I already mentioned that the plot is a bit wobbly so there’s no point beating that horse.
I do want to talk a little bit about the style and pacing of the story however. This is an expensive book with eight pages more than the usual comic, but the layouts are big and splashy (there are 4 splash pages, in fact). While I love the room they’ve allowed for the art to breathe, some people might feel like not a whole lot happens here when you consider this is 25% of the whole story. I opened this review by comparing this book to a cinematic experience, but if this was a two-hour movie and it took 30 minutes to get to this place, we’d definitely be in trouble in terms of pacing. If it were a 60-minute cartoon and this was 15 minutes we might be okay, but even that could be pushing it.
The pacing issue falls firmly under “your mileage may vary”. I wasn’t bothered by it at all, but then I could read two-hundred pages of Batman and Joker watching paint dry and commenting on their hangnails, and probably be riveted. I also prefer breezier books in general. If I want a lot of blah blah blah to pour through, I’ll read 19th century literature (which I love, but it’s not comics and it’s not what I want from comics).
That said, Azzarello and Casali’s script can be a little too fragmented at times. The opening splash of Gotham has the title “Berlin” on the bottom and our locale gets a wee bit lost if you don’t see the tiny “Gotham” thought box up top. Especially since we’re working in media res, with the opening pages setting up the Batman/Joker conflict and then flashing back to how it began. Later there are other instances where the train of thought is cropped in ways that makes following it a bit of a challenge at first. This is typical of Azzarello’s style. I’m not as familiar with Casali.
Lastly (and very leastly) I have minor quibbles with Pat Brosseau’s lettering. He gives Batman a “?” for a response and it looks like the letter “P” to my tired eyes. I wouldn’t even remark on it except it happens at the height of the action and it threw me right out of the story. Especially since we don’t even need it to begin with. Batman’s face tells us well enough that he’s stymied (and the stuttering “I…” is more than sufficient). Though Brosseau does nicely with a wide variety of sound effects, this blip and that fact that he recycles the triple HaHaHa from the Joker across multiple pages jumped out to me as items that were not as well integrated as lettering should be.
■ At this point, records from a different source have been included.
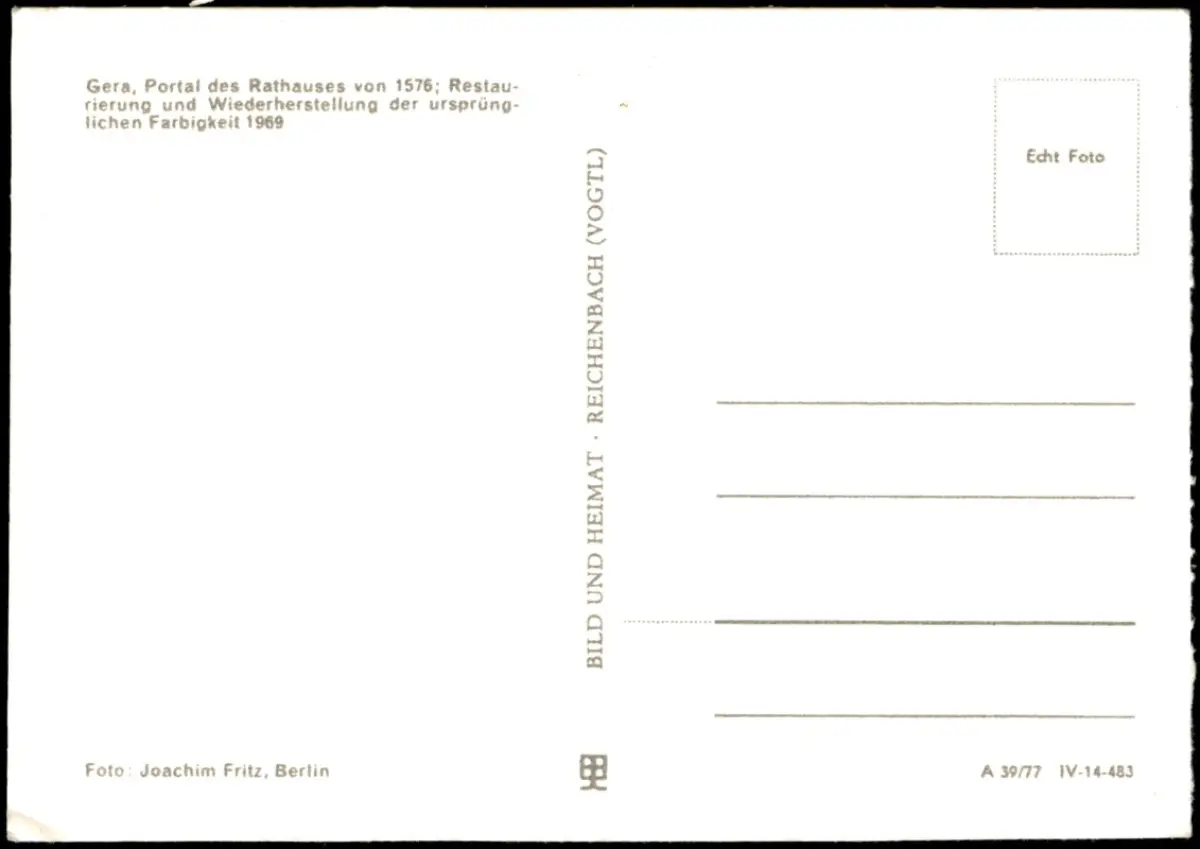Ansichtskarte Gera Rathaus Portal 1977
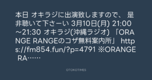 本日 オキラジに出演致しますので、
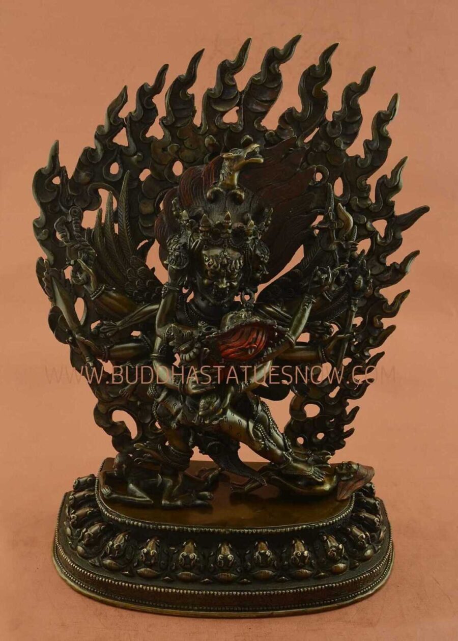 In Tibetan Buddhism, the deity Hayagriva is the wrathful embodiment of Avalokiteshvara, the “Bodhisattva of Compassion”. Our Hayagriva statue is depicted with his consort Krodhishvari locked in sensual embrace. Symbolically, their embrace represents the eternal union of compassion and wisdom. As a result, they have transcended life and death to enter the state of enlightenment. Additionally, Hayagriva is known as the “horse necked one” which is symbolized by the horse’s head surmounting his own head.
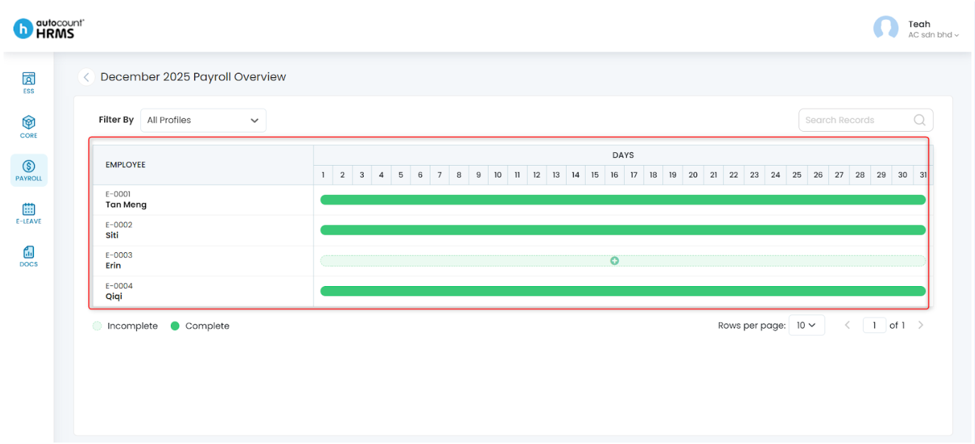 - Payroll Overview – Review individual employee payroll progress and identify incomplete records.
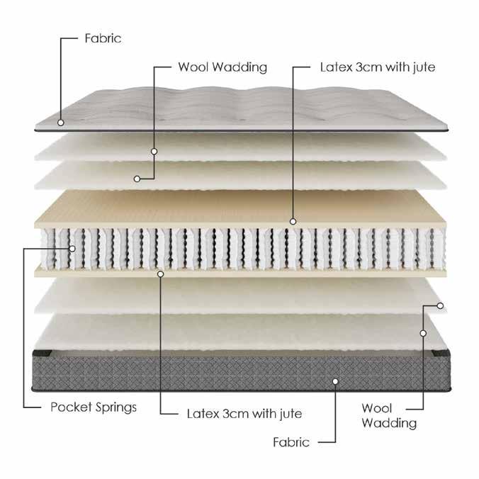 Medium-to-soft feel, anatomical, handmade with Individual pocket coils offering a personalised sleeping experience with a philosophy of a holistic body support, adapting to the body’s natural movement with zero-pressure points or oscillating discomfort. Encourages free air flow, regulates humidity and body temperature, with state of the art insulation, anti-mould, antibacterial and hypoallergenic properties. Designed to fit the Mediterranean microclimate regarding temperatures and humidity.
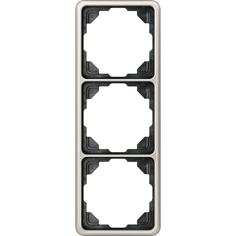 Drievoudig afdekraam, voor horizontale en verticale montage. Afmetingen: 81 x 223 x 10 mm. Metaaluitvoering (geanodiseerd aluminium). Serie: CD 500, kleur: platina.
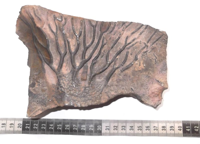Crinoid uit Noord-Afrika. Pentacrinus Het is een zwart/grijze crinoid op een prachtige rode achtergrond. De kroon van de Pentacrinus daarintegen was meestal zeer groot met vertakte armen het is een tegenhangervan de paleozoisch vorm Scyphocrinites wil je meer info raadpleeg mij dan, het zijn zeer verbluffende wezens en leefden tijdens het Boven-Siluur/Onder-Devoon
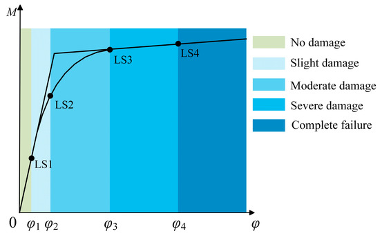 The critical values of the damage measure can be determined by utilizing the moment-curvature (P-M-φ) analysis of reinforced concrete sections in X-TRACT software (https://www.xtract.app/, accessed on 4 August 2025), as illustrated in Figure 6. Table 6 provides specific results.

Because that always works, right Joker?
Recommended If…
- Batman-Joker team-up. Who doesn’t want that???
- You just love Batman old-style, without all the fuss and muss of continuity and labyrinthine plots.
- You miss the Joker–remember when he was so awfully cool and you just enjoyed watching Batman catch him and beat him in the face repeatedly?
- You want artwork that will burn your eyeballs, it’s so beautiful to look at. Seriously, this is like looking at the Ark of the Covenant: you can’t avert your gaze even as it kills you. Fortunately, you won’t die reading this, though it may spoil you rotten.
Overall
It’s got its quibbling flaws, but who cares: Batman Europa is exquisitely rendered and the characters shine. I’ve missed Batman and Joker for years now, so this is like an early Christmas gift that’s going to keep giving into the new year. It’s a shame this book is only running four issues. If they’re all this good, I might cry when it concludes in February 2016. In the meantime, I’m looking forward to our dying duo’s travels to Prague in December!